Mayor Jim O’Neal, who on Friday called the initiative “misguided,” checked his iPhone periodically for the latest results as he mingled with others gathered for the watch party.

And:

Marantz acknowledged she was emotional about the results.

“I care deeply about it,” she said. “I think people were misled about what the ordinance is really about.”

O’Neal acknowledged disappointment.

“How close this vote was demonstrates a great division in the community.”

“But the people have spoken,” he said.

O’Neal said he and city council are now in a “precarious position” – mandated to defend inevitable legal challenges.

O’Neal said taxpayers could now have to pay for “hundreds of thousands of dollars” to defend the measure in court. He cited parts of the ordinance believed to be problematic.

The measure would require employers in city of Springfield to check employee eligibility with a Federal program:

A petition-based ordinance requiring local employers to screen employees using the online E-Verify program passed by a narrow margin Tuesday, although how and when it will be enforced remains unclear.

“We’re pleased that the citizens of Springfield heard our message and agreed with us, but we temper the celebration with the knowledge that this is a contentious issue and people of good conscience can disagree,” said Jerry Wilson, a spokesman for the Ozarks Minutemen.

He said the group hopes both sides now will “put aside their differences and support the rule of law.”

“This has always been about one thing,” Wilson said. “You’re either eligible to work in the United States or you are not.”

Opponents conceded the loss Tuesday but said the fight against the ordinance isn’t over.

The 221 vote difference — less than 1.4 percent of the vote — is outside the 1 percent threshold for a recount.
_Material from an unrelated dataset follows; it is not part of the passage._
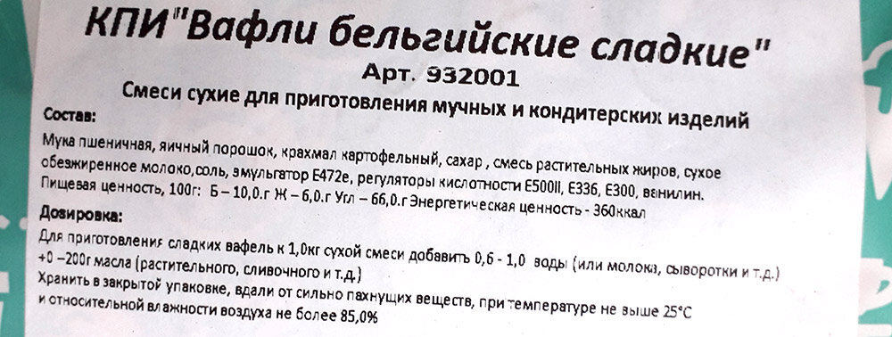 Смесь для выпечки КПИ «Вафли бельгийские сладкие», 1 кг интересное:

But Mayor Jim O’Neal, who came out strongly against the measure in the days before the election, said he expects the ordinance to be challenged in court.

Not so that you could tell in the radio advertisements that Citizens for United Springfield were running on election day, where the nature of the question was not discussed, but only the impact of the check on local businesses leading to fewer jobs in Springfield.

The election was close:

                                             VOTES PERCENT

City of Springfield Question 1
 YES  .  .  .  .  .  .  .  .  .  .  .  .     8,247   50.68
 NO.  .  .  .  .  .  .  .  .  .  .  .  .     8,026   49.32

How different that was from an election a year ago:

                                             VOTES PERCENT

City of Springfield Question 2
 YES  .  .  .  .  .  .  .  .  .  .  .  .    11,201   53.35
 NO.  .  .  .  .  .  .  .  .  .  .  .  .     9,795   46.65

Where was the mayor lamenting the lawsuits then? The concerns by the right-thinking crowd about the adverse impact on business? Not here:

Clean air won out over living free Tuesday in an election battle that had been defined as a showdown between public health and business rights.

Springfield voters approved a sweeping indoor smoking ban by a margin of 53 percent to 47 percent, setting the stage for all businesses in Springfield to be smoke-free by June 6.

“We’re glad to see people decided in favor of the health of the community,” said Carrie Reynolds, spokeswoman for the group, Clean Air Springfield, that had lobbied on behalf of the ordinance.

Opponents, meanwhile, said they intend to support businesses impacted by the ban and remain active through an inevitable legal challenge.

“We’ll basically be a lobbying group for them,” said Live Free Springfield Chairman David Myers.

In both cases, a tiny fraction of voters won a ballot-initiated election, but the reactions from the members of the city government itself are very different.